This is story of a stranger that became a lover, then a stranger again.

A story of a song that once was ours, and now I carry as mine.  And, it feels appropriate that the song is called bloom because some beautiful things are just a season. 

Shall I write it in a letter?
Shall I try to get it down?
Oh, you fill my head with pieces
Of a song I can’t get out

I found Charlotte amid a bubble bath after heartbreak, a glass of wine, a brash download of every dating app in existence, and a simple stroke of my finger. I certainly wasn’t looking for anything real, and lord knows I wasn’t ready.

A match quickly turned into a series of witty sports puns that rolled off me with ease, and I don’t know fucking thing about sports. I should of known then I was going to move into unprecedented spaces with her.

She arrived to our first date unfashionably late in a full face of make-up and heels, which to this day she’ll argue aren’t heels at all. 

“They’re boots,” she’d exclaim! 

She is indescribable. She walks a tightrope between disheveled and flawless; toes the line between masculine and feminine.  She is uncategorizable and I had absolutely no idea what to do with her. I had always dated stone cold butches and jesbians (Justin Bieber look-alike lesbians). And, she is neither of those.  
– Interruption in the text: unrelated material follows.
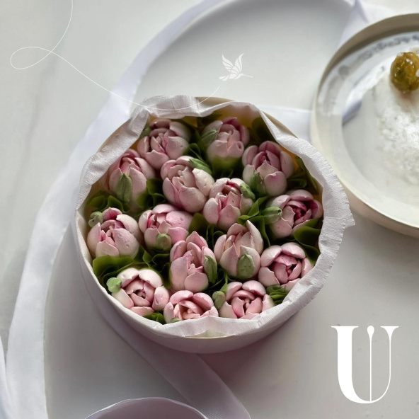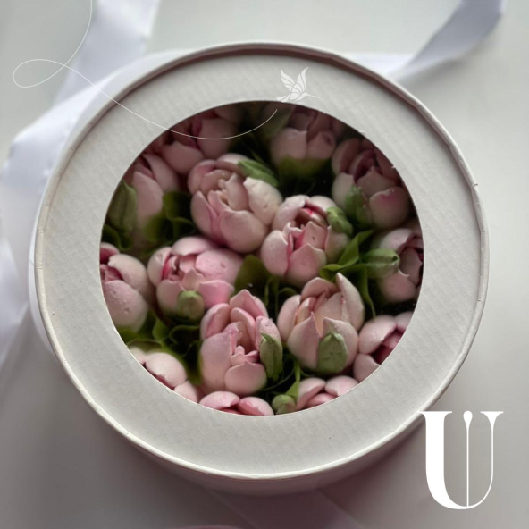 Тюльпаны из зефира в подарочной прозрачной коробке нежно-розовые

As I stood up to greet her I flashed through what I like to call the four stages of swiping grief:

  1. Shock, “have I been catfished?”
  2. Denial, “You are not the butch I ordered!” 
  3. Annoyance,  “Damn, you really need to update your profile.”
  4. Acceptance, “Fuck it. I am already here.”

 “Let’s get a drink,” I say. 

That was the first night in a series of many that began with whiskey and ended with me in awe of her in the morning light.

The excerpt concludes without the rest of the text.